Cleaned sequence data were then aligned to the resulting individual-specific intarget assemblies using novoalign (Li & Durbin 2009) and we only retained reads that mapped uniquely to the reference. We used Picard (http://broadinstitute.github.io/picard/) and gatk (McKenna et al. 2010) to perform realignment. We finally used samtools/bcftools (Li et al. 2009) to generate individual consensus sequences by calling genotypes and incorporate ambiguous sites in the intarget assemblies. We kept a consensus base only when the site depth is above 5X. We masked sites within 5 bp window around an indel. We also filtered out sites where more than two alleles were called. We converted FASTQ to FASTA using seqtk (https://github.com/lh3/seqtk) and masked putative repetitive elements and short repeats using repeatmasker (Smit et al. 2015) with vertebrata metazoa as a database. We removed markers if more than 80% of the bases were Ns. We then calculated read depth of each individual marker and filtered out loci if the depth fell outside 1st and 99th percentile of the statistics. We also eliminated markers if the individual heteozygosity fell outside the 99th percentile of the statistics. The final filtered assemblies of each individual specimen were aligned using mafft (KAtoh & Standley 2013). Alignments were then trimmed using trimal (Capella-Gutierrez et al. 2009). We removed alignments if more than 30% missing data (Ns) are present in 30% of the samples.
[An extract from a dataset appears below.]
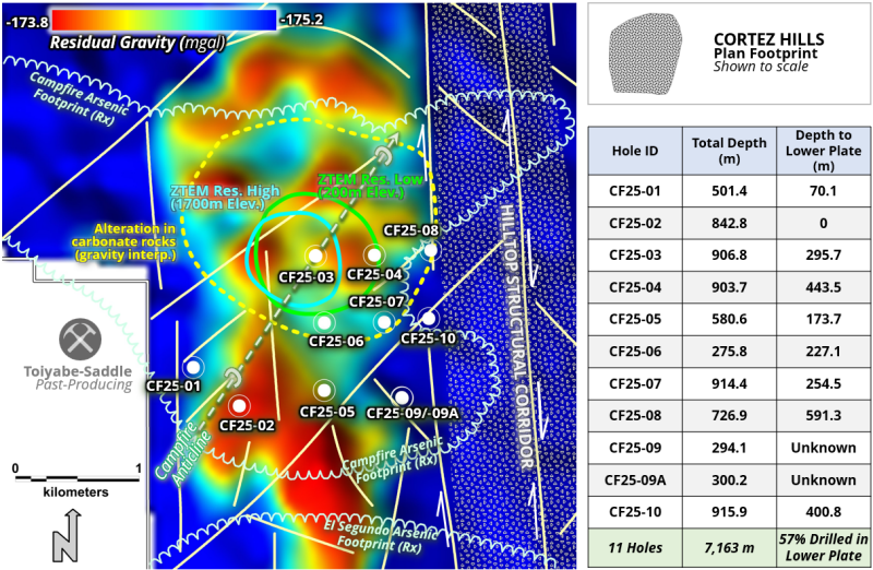Colin Moore, President & CEO, noted: “I’d like to take this opportunity to thank everyone who helped make this ambitious inaugural drilling campaign at Campfire a success – no small feat for a company of our size. With the financial support of our shareholders and expert execution from our technical team and contractors, we were able to complete an expanded program in a safe, timely, and cost-effective manner. This initial Phase I program has demonstrated the outsized scale potential of this target area; with every hole the system footprint is growing, and we have yet to find the limits of it. We continue to intersect elevated Carlin-type gold along with pathfinder trace elements in the expected settings, namely near the Roberts Mountains Thrust and in the Wenban Formation. This is an ideal set-up for a Phase II program, where we can begin to target the more concentrated mineralized zones that turn discoveries into economic deposits. Along with the remaining pending assays from Campfire, over the coming weeks and months we will be providing details from additional exploration activities that will further enhance our technical understanding of the Property moving into 2026.”

We also removed alignments if the proportion of shared polymorphic sites in any locus is greater than 20%.
Availability of Sequence Capture Data Tools. The bioinformatic pipelines of sequence capture data processing are available at https://github.com/CGRL-QB3-UCBerkeley/denovoTargetCapturePhylogenomics.
Sequence Capture Efficiency Evaluation
Sequencing Depth, Duplication Levels, and Pooling Sizes. To evaluate capture efficiency, average per-base sequence depth, or coverage, was calculated separately for the exon sequences and for the flanking sequences of each sample. The coverage at each base pair site for either data set was inferred using the samtools (Li et al. 2009). The per base pair coverage estimates for all sequences (exon or flanking) associated with each transcript (up to 1,260 genes) were averaged, resulting in a set of average coverage estimates across loci. The resulting output of the set of average coverage estimates was used to infer the median, upper and lower quartiles, and range of coverage estimates using samples or genes as factors. These calculations were performed and automated across samples using python scripts and the output was visualized in R. Differences in the levels of coverage were examined using pooling size as a factor. To control for differences in coverage possibly resulting from phylogenetic distance, comparisons were only made among pools of the ingroup genus Hyperolius (160 samples, 28 captures).
Duplication refers to the number of non-unique sequencing reads, which were eliminated from our sequence capture data processing pipeline. The level of duplication among reads, expressed as a percentage, was estimated by dividing the number of duplicate reads by the total number of raw reads. Differences in the levels of duplication were examined using pooling size as a factor, compared across the genus Hyperolius. The amount of raw data (in bases) was also compared across pool sizes using the genus Hyperolius.
Sequence Capture Sensitivity. Sensitivity refers to the percentage of bases of target sequences that are covered by at least one read, and here the target refers to the exons of each gene. To calculate this metric, the final in-target assemblies (including exons and flanking sequences) of each sample were compared to a set of transcript sequences used for probe design, from only one of the design species, using BLASTN with a evalue cutoff of 1e-10. This was automated using custom scripts to produce output files of all blast hits for each sample. For each output file, any overlapping base pair coordinates for blast hits within a locus were merged. Following the merging of coordinates, the number of base pairs for all exon blast hits per locus was totaled, and was divided by the total length of the transcript sequence to calculate the sensitivity per transcript. The total number of base pairs from all exon blast hits was divided by the total number of base pairs of all the transcript sequences, producing an overall estimate of sensitivity per sample.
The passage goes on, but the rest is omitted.